I've posted hundreds of scripture to prove my point, either you ignored them or now you're just being intellectually dishonest, probably both.  If wasn't a Christian, I could really give into the temptation to rip you a good one, but I'm performing a work of faith here by holding back what I really feel right now.  This too shall pass.

If I believed as you do, I'd just simply say what's on my mind knowing that God predestined me to lay into you good and then not worry about having to repent of it because that would be a dead work.

----------


## TER

> How does one lose their justification,  and how does one get it back?


Lets see what the God-bearing Fathers of the Church say:

Take heed now to yourselves, and not to be like some, adding largely to your sins, and saying, "The covenant is both theirs and ours." But they thus finally lost it, after Moses had already received it

- Barnabas (A.D. 70-130) ch.4


We take earnest heed in these last days; for the whole [past] time of your faith will profit you nothing, unless now in this wicked time we also withstand coming sources of danger, as becomes the sons of God that the Black One may find no means of entrance.
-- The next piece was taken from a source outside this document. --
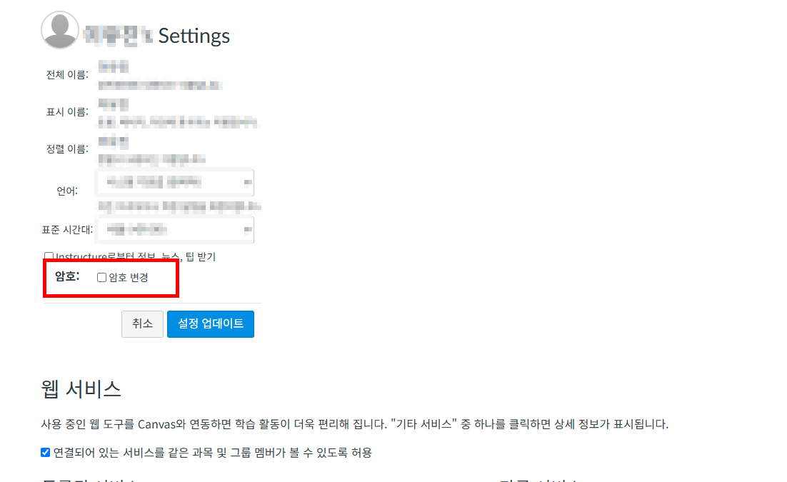 3) Chọn thay đổi mật khẩu (암호 변경)

- Barnabas (A.D. 70-130) ch.4


Take heed, lest resting at our ease, as those who are the called [of God], we should fall asleep in our sins, and the wicked prince, acquiring power over us, should thrust us away from the kingdom of the Lord. And all the more attend to this, my brethren, when you reflect and behold, that after so great signs and wonders were wrought in Israel, they were thus [at length] abandoned. Let us beware lest we be found [fulfilling that saying], as it is written, "Many are called, but few are chosen." 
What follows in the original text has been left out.